### What to produce
Starting at the line with "On December 3, 2025, His" and going on through the line with "Basketbol Süper Ligi'nde", reproduce each line in the records below exactly and nothing more.
Start of Records provided
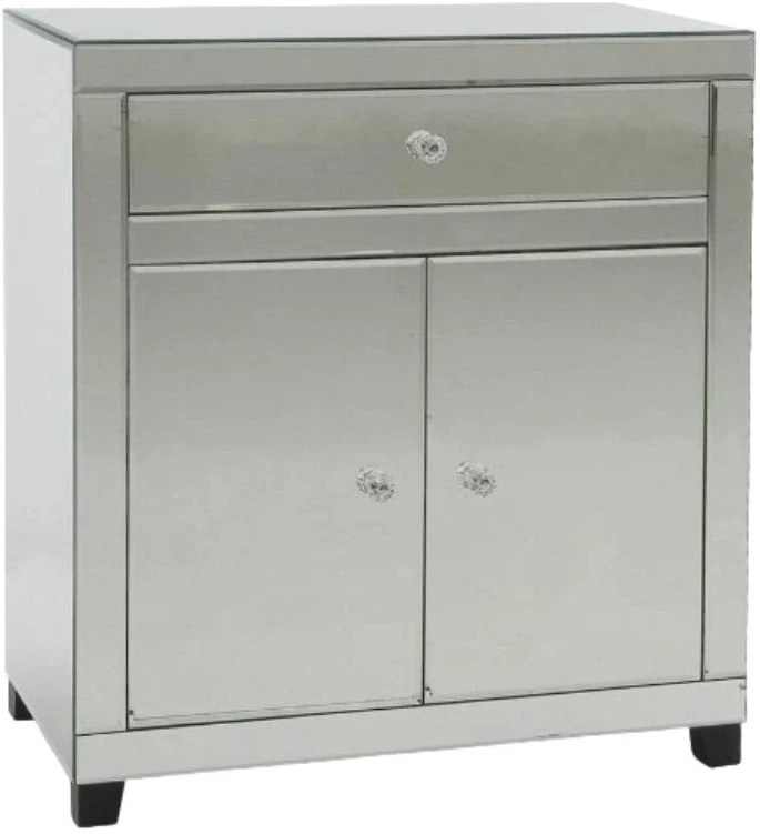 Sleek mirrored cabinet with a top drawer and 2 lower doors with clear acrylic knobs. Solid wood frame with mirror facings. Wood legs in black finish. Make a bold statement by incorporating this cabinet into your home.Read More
End of Records provided
Start of Records provided
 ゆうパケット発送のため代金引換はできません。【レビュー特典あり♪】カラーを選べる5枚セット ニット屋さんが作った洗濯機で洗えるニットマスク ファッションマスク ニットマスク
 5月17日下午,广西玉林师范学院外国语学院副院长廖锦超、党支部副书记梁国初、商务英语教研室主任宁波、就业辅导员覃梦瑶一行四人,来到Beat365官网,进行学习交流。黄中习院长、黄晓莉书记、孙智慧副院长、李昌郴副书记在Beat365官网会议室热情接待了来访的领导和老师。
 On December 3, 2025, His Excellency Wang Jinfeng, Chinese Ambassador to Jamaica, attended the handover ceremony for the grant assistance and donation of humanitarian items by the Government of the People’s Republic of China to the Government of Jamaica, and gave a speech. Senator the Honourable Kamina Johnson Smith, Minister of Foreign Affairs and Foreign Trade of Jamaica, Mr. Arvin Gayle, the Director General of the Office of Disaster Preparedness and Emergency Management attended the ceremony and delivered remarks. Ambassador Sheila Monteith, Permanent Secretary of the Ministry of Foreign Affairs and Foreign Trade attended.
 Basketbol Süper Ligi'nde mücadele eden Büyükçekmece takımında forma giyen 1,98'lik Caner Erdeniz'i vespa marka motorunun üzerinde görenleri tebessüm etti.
End of Records provided
Start of Records provided
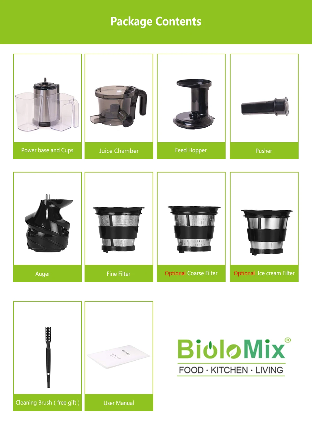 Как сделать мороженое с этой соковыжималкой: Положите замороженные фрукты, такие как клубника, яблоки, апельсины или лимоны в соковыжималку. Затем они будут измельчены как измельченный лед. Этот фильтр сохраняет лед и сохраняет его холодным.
End of Records provided
### Task output
 On December 3, 2025, His Excellency Wang Jinfeng, Chinese Ambassador to Jamaica, attended the handover ceremony for the grant assistance and donation of humanitarian items by the Government of the People’s Republic of China to the Government of Jamaica, and gave a speech. Senator the Honourable Kamina Johnson Smith, Minister of Foreign Affairs and Foreign Trade of Jamaica, Mr. Arvin Gayle, the Director General of the Office of Disaster Preparedness and Emergency Management attended the ceremony and delivered remarks. Ambassador Sheila Monteith, Permanent Secretary of the Ministry of Foreign Affairs and Foreign Trade attended.
 Basketbol Süper Ligi'nde mücadele eden Büyükçekmece takımında forma giyen 1,98'lik Caner Erdeniz'i vespa marka motorunun üzerinde görenleri tebessüm etti.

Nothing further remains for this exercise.